#3017 – The Changing Face of Evil

On Monday, January 20, shortly before President Donald J. Trump officially became the 47th President of the United States, US Marines in California were in a gunfight against FBI agents guilty, allegedly, of planting surveillance gear in the off-post home of a White Hat council member stationed at Camp Pendleton.

Two days earlier, the officer found miniature audio and video recording devices in his bedroom, living room, and home office. Whoever installed the gadgets had infiltrated the home, circumventing a wireless alarm without leaving signs of intrusion. They hadn’t left a fingerprint or footprint or disturbed a piece of furniture. And while the intruder(s) had a degree of expertise, he apparently hadn’t the prescience to predict a White Hat council member would have counter-surveillance contraptions inside his home, which he checked habitually. And when he reviewed video footage from one of his strategically placed cameras, he saw two men garbed in black installing micro-cameras in lighting fixtures and other discrete locations. The intruders wore masks, their features undiscernible, but one held in his right hand a Glock 19, which he put on a counter while handing his companion a screwdriver. The officer’s camera had enough resolution to capture the gun’s serial numbers on a metal insert in front of the trigger guard.

White Hats accessed the Federal Firearms License (FFL) database and learned that the gun belonged to a California resident named Charles Dubois. Dubois was also a longtime FBI agent who worked at the bureau’s Fresno office.

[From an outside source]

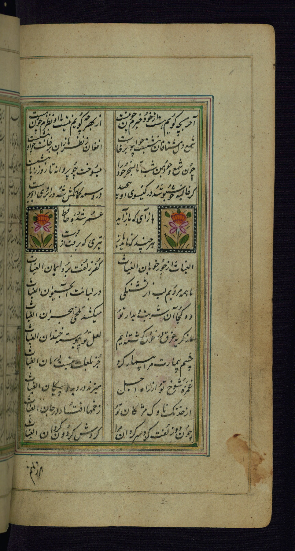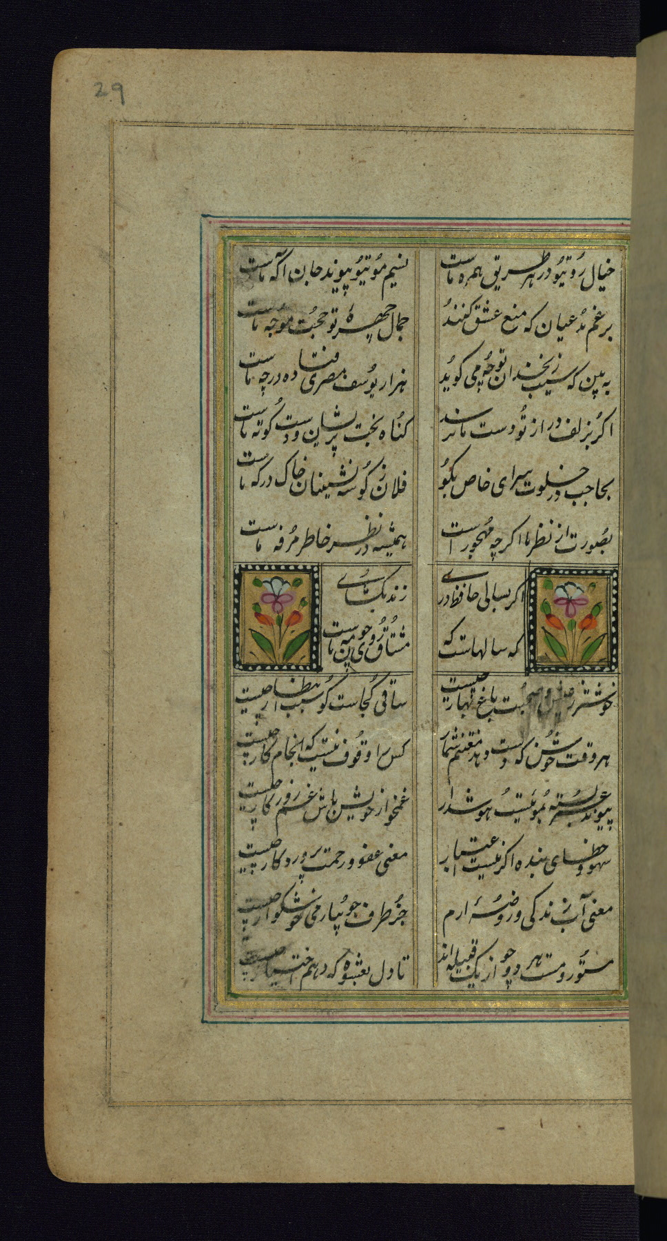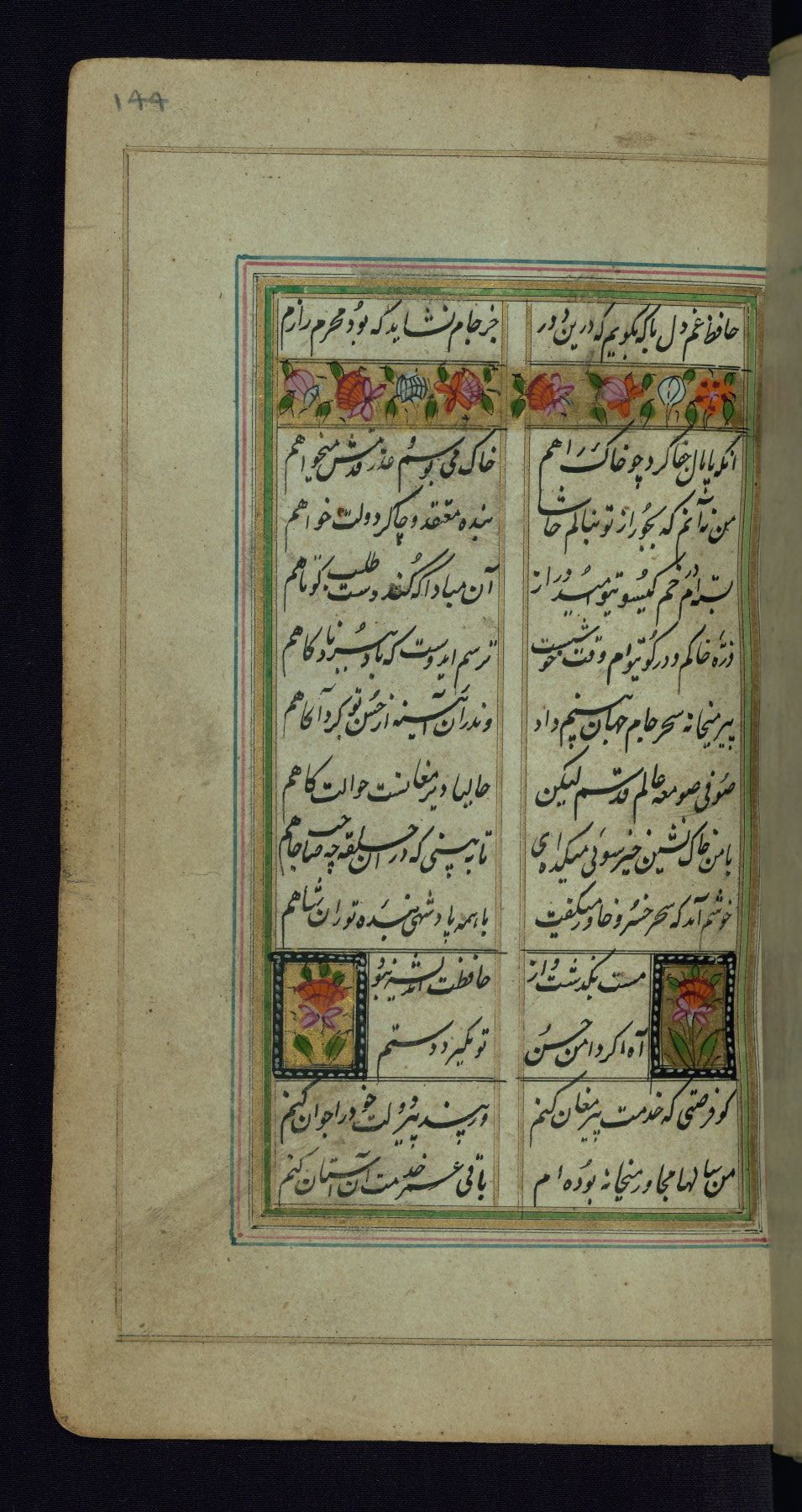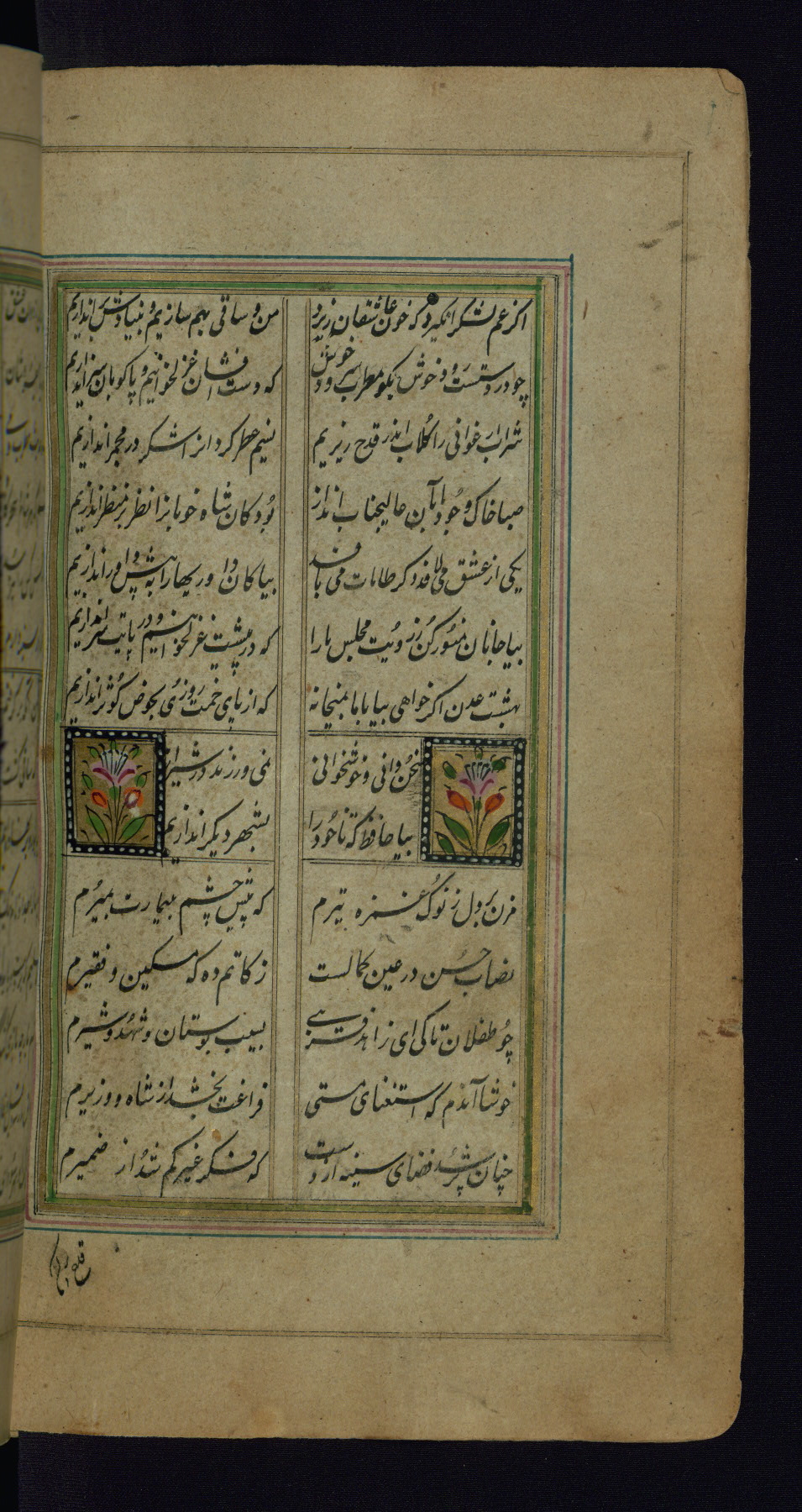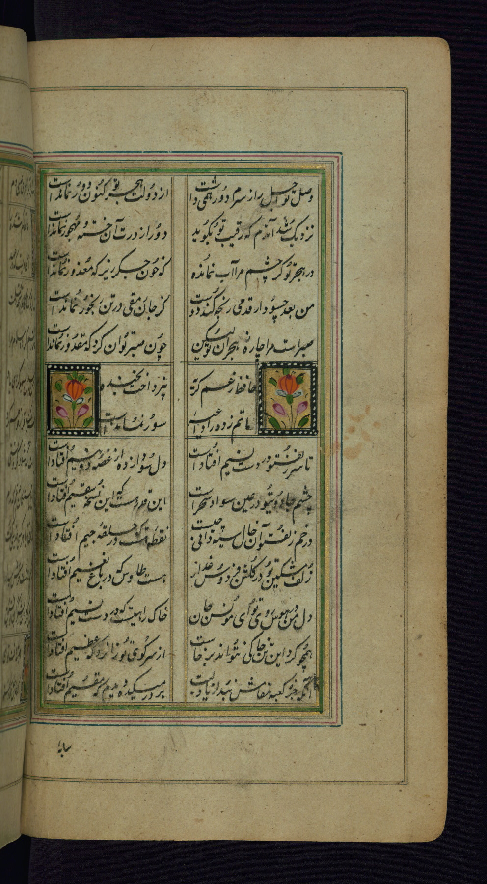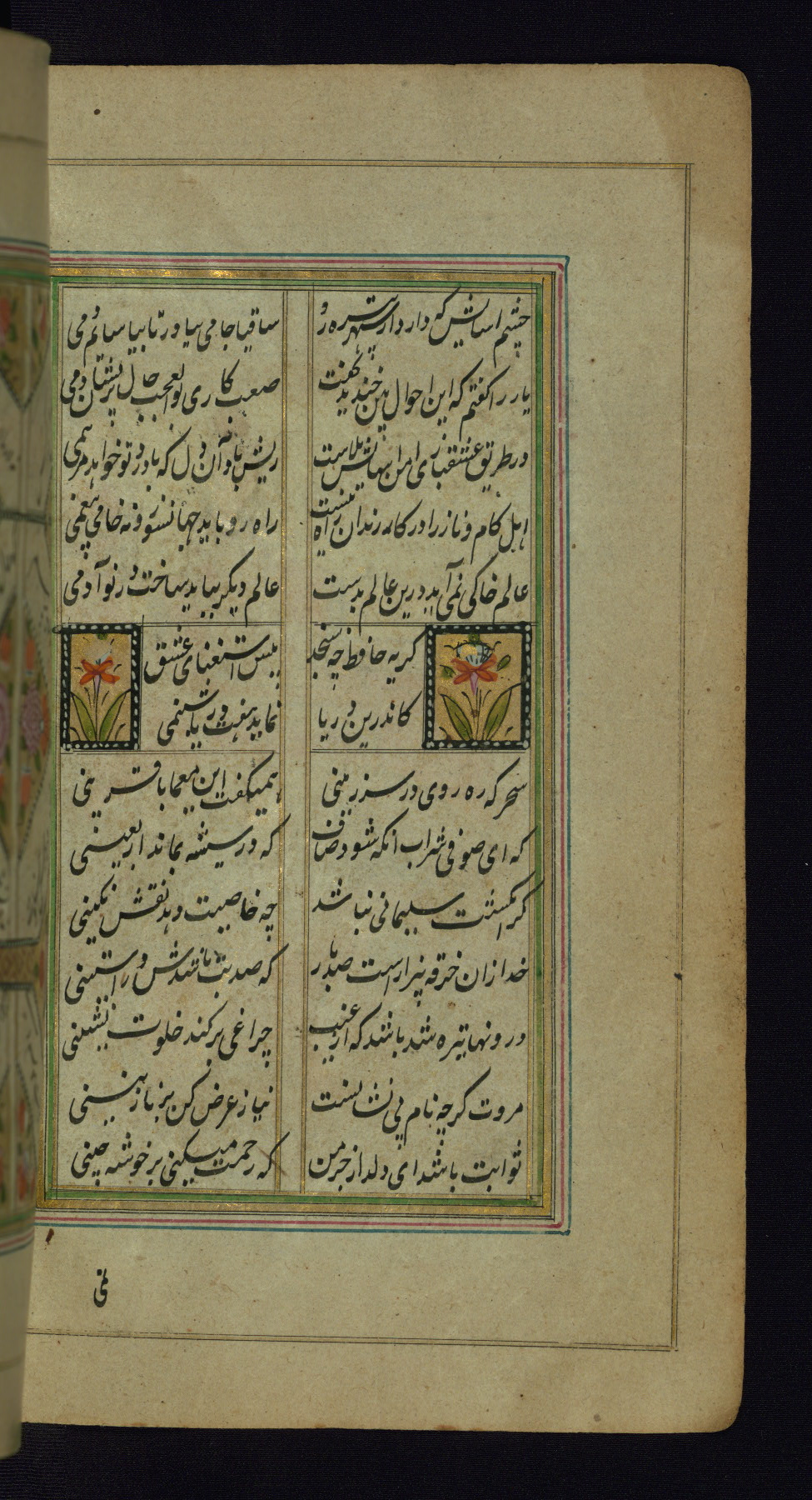 This is an illuminated and illustrated Collection of poems (dīvān) by Shams al-Dīn Muḥammad Ḥāfiz al-Shīrāzī (fl. eighth century AH / fourteenth CE), which was produced in India. According to the colophon, the manuscript was completed on the 19th Rajab 1202[?] AH / 1788[?] CE. It opens with a double-page illuminated incipit (fols. 1b-2a) with headpiece that introduces the preface (dībāchah) (fols. 1b-4b), followed by another double-page illuminated incipit with headpiece opening the main text of the Dīvān (fols. 5b-6a). The codex is decorated throughout with square and rectangular panels, as well as horizontal bands with floral decoration marking the end of odes, quatrains, or series of verses. There are forty-nine illustrations. The brown leather binding with medallion and pendants is contemporary with the manuscript.

Naturally, White Hats decided to visit him.

On Monday morning PST, US Marines arrived at and staked out Dubois’ domicile, with orders to arrest him on espionage charges. As they prepared to storm the house, a sedan carrying two men wearing dark suits and sunglasses pulled into the driveway. The driver honked the horn. It seemed that Dubois was carpooling to work that day.

Although the Marines had concealed themselves, upon opening his front door, Dubois must have sensed something was amiss; he glanced about nervously. He pulled a cellphone from his jacket and held it to his ear. A second later, the man in the sedan’s passenger seat had a cell to his ear—the two obviously were speaking to each other.

Dubois ducked back inside but left the door ajar, and the sedan reversed slowly.

The Marines intuited they had somehow been made and broke cover. But by the time they reached the sedan, its occupants had fled the vehicles, entered Dubois’ house, and slammed shut the door.

Windows suddenly shattered, and the Marines came under fire. Bullets whizzed past them. One Marine diving for cover got hit in the leg and oozed blood on the pavement. A valiant Marine dashed toward him but had to retreat as the distinctive sound of automatic weapon fire erupted around him. When the gunfire subsided momentarily, the Marine in charge shouted at the top of his lungs, telling the three feds they were outnumbered and outgunned and would certainly die unless they surrendered immediately.

Meanwhile, a fountain of blood gushed from the wounded Marine’s leg. He lay in a pool of his own blood, telling his compatriots not to rescue him because they, too, might fall to enemy gunfire.

A standoff, an impasse, ensued. Both sides eyeballed one another, but neither was willing to break the stalemate. The feds demanded the Marines surrender, and vice versa.

It was high noon in DC, the highest point of culmination, often described in Old West fiction as the zenith of a confrontation between gunslingers.

Two minutes afterward, the unimaginable happened: The feds hurled their weapons out a shattered window, announced they were unarmed and surrendering, and beseeched the Marines to accept their unconditional surrender.

Their capitulation coincided with Trump’s inauguration.

“We work with you now, we’re coming out with hands up, don’t shoot, we give up,” one of the feds shouted. “We serve President Trump.”

The Marines treated the wounded after subduing the feds, who were true to their word.

Synchronously, Gen. Smith’s office received a flurry of phone calls from FBI offices in Portland, San Diego, Detroit, New York City, and fifteen other cities—all vowing allegiance to the Constitution and President Trump and imploring White Hats to show mercy. An FBI field supervisor in Virginia told Gen. Smith he had former FBI Deputy Director Paul Abbate, who sanctioned the raid on Trump’s Mar-a-Lago estate in 2022, in handcuffs and would deliver him to the military.